Depending upon the geographical jurisdiction, the Knights Templar exist either as part of the York Rite or as an independent organization. Though the York Rite and the independent versions share many similarities there are key differences which are described below.

Outside the York Rite, membership is by invitation only. Candidates are required to be Master Masons, and Royal Arch Masons, and to sign a declaration that they profess the Doctrine of the Holy and Undivided Trinity. In some Australian States, the requirement of being a Royal Arch Mason no longer applies.
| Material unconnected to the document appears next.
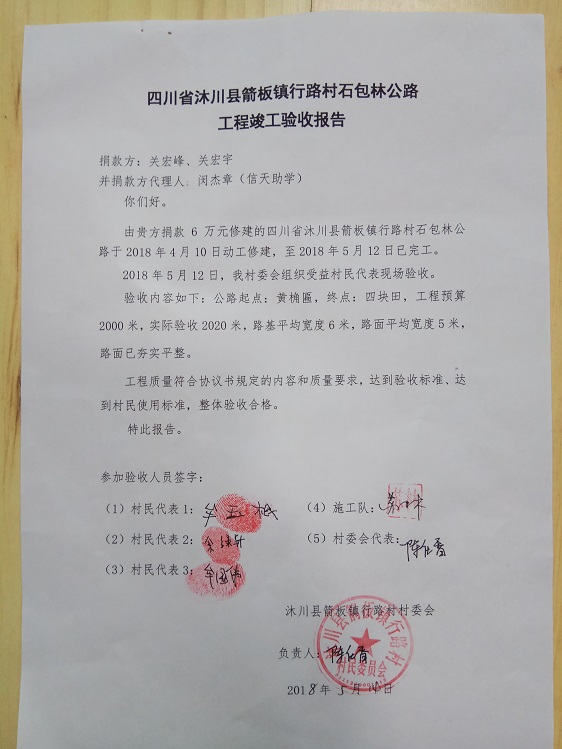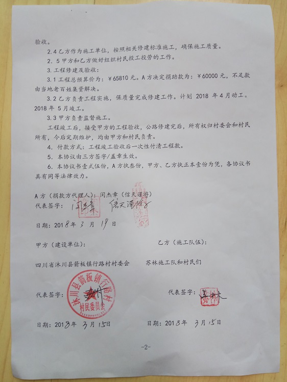(1)爱心人捐款、村民投工投劳一起修土路,干季可以通车;
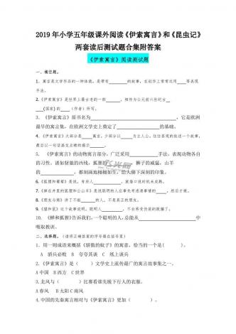 2019年小学五年级课外阅读《伊索寓言》和《昆虫记》两套读后测试题合集附答案

Within the British Federation of Le Droit Humain, candidates must be a Holy Royal Arch Mason for at least twelve months. Crucially, they do not have to profess the Doctrine of the Holy and Undivided Trinity, as this goes against the principles of the wider international Order.

Local bodies of Knights Templar are known as Preceptories; local bodies of Knights of St Paul are known as Chapters; local bodies of Knights of Malta are known as Priories; all operate under a Grand or Great Priory, often with an intermediate level of Provincial Priories. Although some jurisdictions maintain a separate Great Priory of the Temple and Great Priory of Malta (as, for example, in England), the Grand Master and other officers of both Great Priories hold simultaneous equal office in both bodies. Three degrees are administered in this system:

- The Degree of Knight Templar (Order of the Temple)
- The Degree of Knight of St. Paul (incorporating the Mediterranean Pass)
- The Degree of Knight of Malta (Order of Malta)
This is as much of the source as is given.